WHAT TO DO:
Would you please repeat exactly the entries below, starting at the line with "Ve lo proponiamo" and ending at the line with "12月,乾照光電收到廈門市科", and nothing outside that range? Leave out the pictures.

PROVIDED INFORMATION:
════════════════

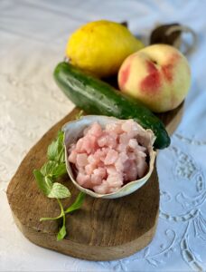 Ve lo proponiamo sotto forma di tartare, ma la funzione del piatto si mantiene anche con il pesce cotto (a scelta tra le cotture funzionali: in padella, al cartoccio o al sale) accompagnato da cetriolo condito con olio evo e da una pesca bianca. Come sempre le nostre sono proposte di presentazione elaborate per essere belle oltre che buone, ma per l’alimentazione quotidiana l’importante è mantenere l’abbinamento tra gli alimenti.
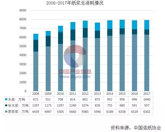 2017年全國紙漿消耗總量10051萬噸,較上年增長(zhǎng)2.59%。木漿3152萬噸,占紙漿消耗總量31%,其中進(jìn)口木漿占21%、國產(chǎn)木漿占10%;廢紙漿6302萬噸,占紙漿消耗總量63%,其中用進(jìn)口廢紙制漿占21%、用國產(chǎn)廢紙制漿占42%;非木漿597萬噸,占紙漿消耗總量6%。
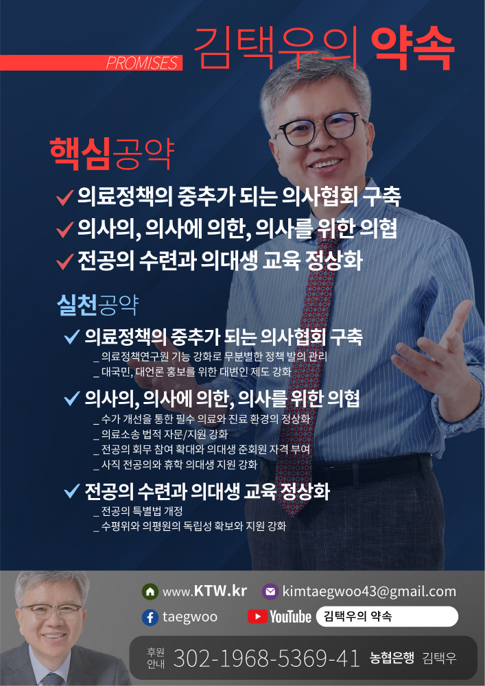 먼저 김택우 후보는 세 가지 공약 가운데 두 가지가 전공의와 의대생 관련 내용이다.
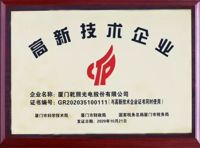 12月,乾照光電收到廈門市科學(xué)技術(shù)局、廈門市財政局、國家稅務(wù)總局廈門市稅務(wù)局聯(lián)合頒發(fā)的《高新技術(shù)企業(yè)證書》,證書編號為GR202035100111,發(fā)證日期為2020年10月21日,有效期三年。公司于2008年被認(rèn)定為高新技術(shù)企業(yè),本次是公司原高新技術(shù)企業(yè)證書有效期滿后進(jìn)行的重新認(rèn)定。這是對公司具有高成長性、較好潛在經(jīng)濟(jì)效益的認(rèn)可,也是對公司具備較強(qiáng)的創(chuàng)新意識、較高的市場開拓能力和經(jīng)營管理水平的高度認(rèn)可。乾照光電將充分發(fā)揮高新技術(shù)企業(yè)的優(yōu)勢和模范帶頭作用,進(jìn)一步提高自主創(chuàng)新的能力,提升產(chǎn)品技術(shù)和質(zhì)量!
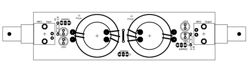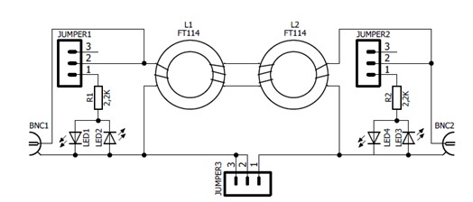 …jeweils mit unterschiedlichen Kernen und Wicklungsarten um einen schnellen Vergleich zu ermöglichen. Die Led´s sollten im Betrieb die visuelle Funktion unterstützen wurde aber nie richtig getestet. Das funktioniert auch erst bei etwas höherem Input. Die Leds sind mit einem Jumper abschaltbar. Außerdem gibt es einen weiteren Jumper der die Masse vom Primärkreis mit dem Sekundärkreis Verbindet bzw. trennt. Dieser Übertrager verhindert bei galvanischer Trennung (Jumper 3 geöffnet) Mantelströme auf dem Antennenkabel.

════════════════

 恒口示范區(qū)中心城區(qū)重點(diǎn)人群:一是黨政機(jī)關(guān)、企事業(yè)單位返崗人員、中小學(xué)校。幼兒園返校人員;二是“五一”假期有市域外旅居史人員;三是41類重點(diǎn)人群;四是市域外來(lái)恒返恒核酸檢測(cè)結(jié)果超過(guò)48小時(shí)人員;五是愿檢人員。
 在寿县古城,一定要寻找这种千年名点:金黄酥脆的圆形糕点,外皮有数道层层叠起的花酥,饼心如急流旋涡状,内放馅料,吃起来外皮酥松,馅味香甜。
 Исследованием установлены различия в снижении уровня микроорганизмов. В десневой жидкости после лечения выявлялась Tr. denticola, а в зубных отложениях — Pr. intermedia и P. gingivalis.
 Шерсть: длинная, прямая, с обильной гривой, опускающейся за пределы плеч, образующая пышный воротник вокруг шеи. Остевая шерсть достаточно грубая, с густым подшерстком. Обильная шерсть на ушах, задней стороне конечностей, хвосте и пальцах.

════════════════

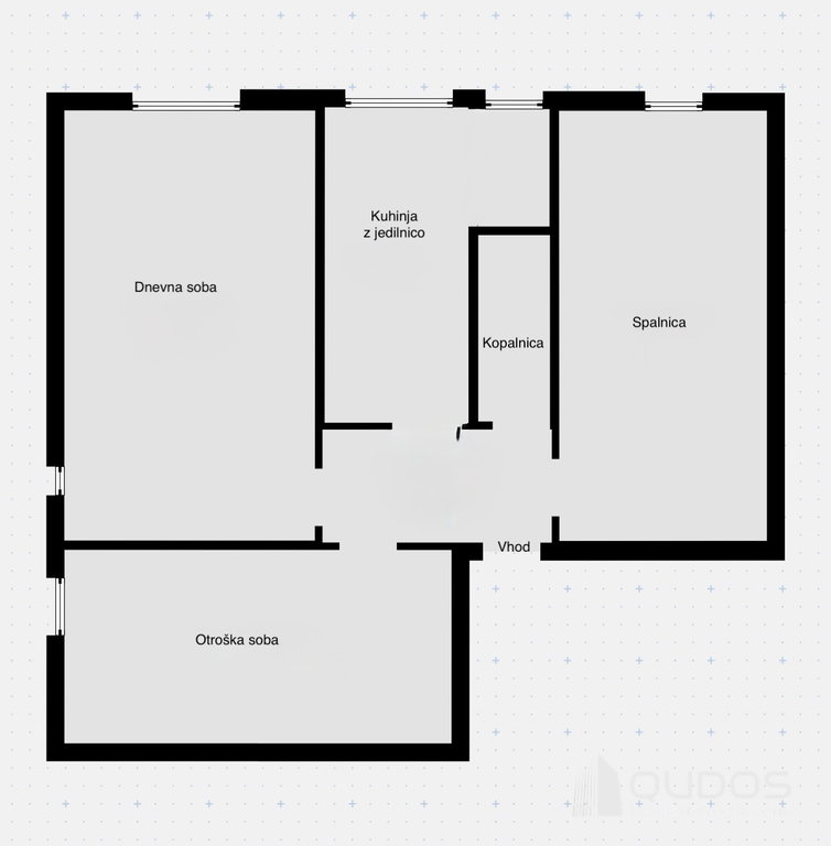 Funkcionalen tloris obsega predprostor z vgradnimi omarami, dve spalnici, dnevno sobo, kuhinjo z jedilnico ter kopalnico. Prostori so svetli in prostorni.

════════════════

RESULT OF THE TASK:
 Ve lo proponiamo sotto forma di tartare, ma la funzione del piatto si mantiene anche con il pesce cotto (a scelta tra le cotture funzionali: in padella, al cartoccio o al sale) accompagnato da cetriolo condito con olio evo e da una pesca bianca. Come sempre le nostre sono proposte di presentazione elaborate per essere belle oltre che buone, ma per l’alimentazione quotidiana l’importante è mantenere l’abbinamento tra gli alimenti.
 2017年全國紙漿消耗總量10051萬噸,較上年增長(zhǎng)2.59%。木漿3152萬噸,占紙漿消耗總量31%,其中進(jìn)口木漿占21%、國產(chǎn)木漿占10%;廢紙漿6302萬噸,占紙漿消耗總量63%,其中用進(jìn)口廢紙制漿占21%、用國產(chǎn)廢紙制漿占42%;非木漿597萬噸,占紙漿消耗總量6%。
 먼저 김택우 후보는 세 가지 공약 가운데 두 가지가 전공의와 의대생 관련 내용이다.
 12月,乾照光電收到廈門市科學(xué)技術(shù)局、廈門市財政局、國家稅務(wù)總局廈門市稅務(wù)局聯(lián)合頒發(fā)的《高新技術(shù)企業(yè)證書》,證書編號為GR202035100111,發(fā)證日期為2020年10月21日,有效期三年。公司于2008年被認(rèn)定為高新技術(shù)企業(yè),本次是公司原高新技術(shù)企業(yè)證書有效期滿后進(jìn)行的重新認(rèn)定。這是對公司具有高成長性、較好潛在經(jīng)濟(jì)效益的認(rèn)可,也是對公司具備較強(qiáng)的創(chuàng)新意識、較高的市場開拓能力和經(jīng)營管理水平的高度認(rèn)可。乾照光電將充分發(fā)揮高新技術(shù)企業(yè)的優(yōu)勢和模范帶頭作用,進(jìn)一步提高自主創(chuàng)新的能力,提升產(chǎn)品技術(shù)和質(zhì)量!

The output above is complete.